Signed data types can hold both positive and negative values and are therefore lower in range.
Unsigned data types can hold large positive values (including ‘Zero’) but cannot hold negative values and are therefore wider in range.
The amount of registers depends on the ARM version. According to the ARM Reference Manual, there are 30 general-purpose 32-bit registers, with the exception of ARMv6-M and ARMv7-M based processors. The first 16 registers are accessible in user-level mode, the additional registers are available in privileged software execution (with the exception of ARMv6-M and ARMv7-M). In this tutorial series we will work with the registers that are accessible in any privilege mode: r0-15. These 16 registers can be split into two groups: general purpose and special purpose registers.
The following table is just a quick glimpse into how the ARM registers could relate to those in Intel processors.

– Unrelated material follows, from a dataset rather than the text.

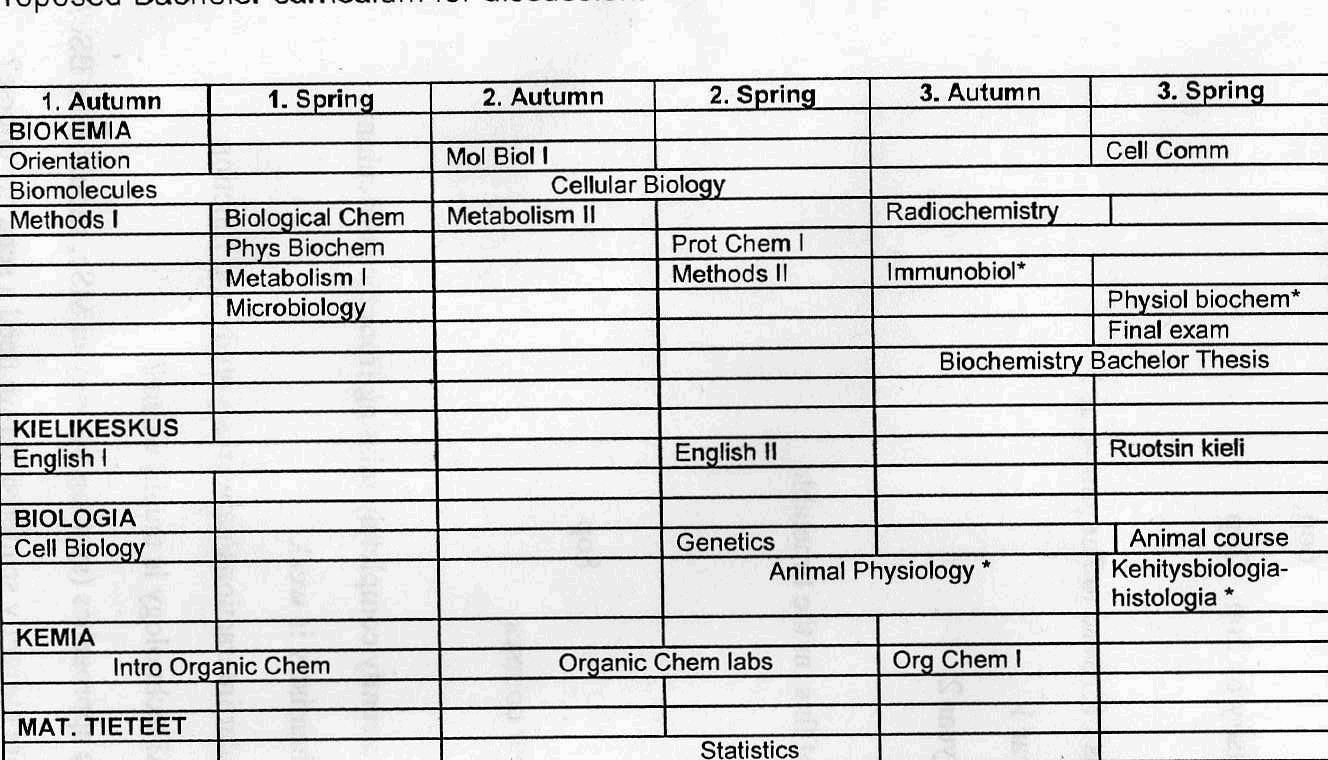 Biokemian laitos on muuttamassa kandivaiheen opetussuunnitelmaansa vastaamaan viimeaikaista palautetta. Tämän viestin liitteenä on kaksi kuvaa, joissa ko. muutosehdotukset ovat. Pyydän, että katsotte ne läpi ja annatte palautetta minulle. Kun olen saanut tarpeeksi palautetta, kerään (ja tulkkaan englanniksi) kaiken palautteen ja lähetän sen eteenpäin.

下表是ARM寄存器和英特尔处理器的寄存器存在的相关联性的概览
R0-R12: can be used during common operations to store temporary values, pointers (locations to memory), etc. R0, for example, can be referred as accumulator during the arithmetic operations or for storing the result of a previously called function. R7 becomes useful while working with syscalls as it stores the syscall number and R11 helps us to keep track of boundaries on the stack serving as the frame pointer (will be covered later). Moreover, the function calling convention on ARM specifies that the first four arguments of a function are stored in the registers r0-r3.
R13: SP(Stack Pointer). The Stack Pointer points to the top of the stack. The stack is an area of memory used for function-specific storage, which is reclaimed when the function returns. The stack pointer is therefore used for allocating space on the stack, by subtracting the value (in bytes) we want to allocate from the stack pointer. In other words, if we want to allocate a 32 bit value, we subtract 4 from the stack pointer.
R14: LR(Link Register). When a function call is made, the Link Register gets updated with a memory address referencing the next instruction where the function was initiated from. Doing this allows the program return to the “parent” function that initiated the “child” function call after the “child” function is finished.
R15: PC(Program Counter). The Program Counter is automatically incremented by the size of the instruction executed. This size is always 4 bytes in ARM state and 2 bytes in THUMB mode. When a branch instruction is being executed, the PC holds the destination address. During execution, PC stores the address of the current instruction plus 8 (two ARM instructions) in ARM state, and the current instruction plus 4 (two Thumb instructions) in Thumb(v1) state. This is different from x86 where PC always points to the next instruction to be executed.
Let’s look at how PC behaves in a debugger. We use the following program to store the address of pc into r0 and include two random instructions. Let’s see what happens.
We can see that PC holds the address (0x8054) of the next instruction (mov r0, pc) that will be executed. Now let’s execute the next instruction after which R0 should hold the address of PC (0x8054), right?
…right? Wrong. Look at the address in R0. While we expected R0 to contain the previously read PC value (0x8054) it instead holds the value which is two instructions ahead of the PC we previously read (0x805c). From this example you can see that when we directly read PC it follows the definition that PC points to the next instruction; but when debugging, PC points two instructions ahead of the current PC value (0x8054 + 8 = 0x805C). This is because older ARM processors always fetched two instructions ahead of the currently executed instructions. The reason ARM retains this definition is to ensure compatibility with earlier processors.
When you debug an ARM binary with gdb, you see something called Flags:
The register $cpsr shows the value of the Current Program Status Register (CPSR) and under that you can see the Flags thumb, fast, interrupt, overflow, carry, zero, and negative. These flags represent certain bits in the CPSR register and are set according to the value of the CPSR and turn bold when activated. The N, Z, C, and V bits are identical to the SF, ZF, CF, and OF bits in the EFLAG register on x86. These bits are used to support conditional execution in conditionals and loops at the assembly level. We will cover condition codes used in Part 6: Conditional Execution and Branching.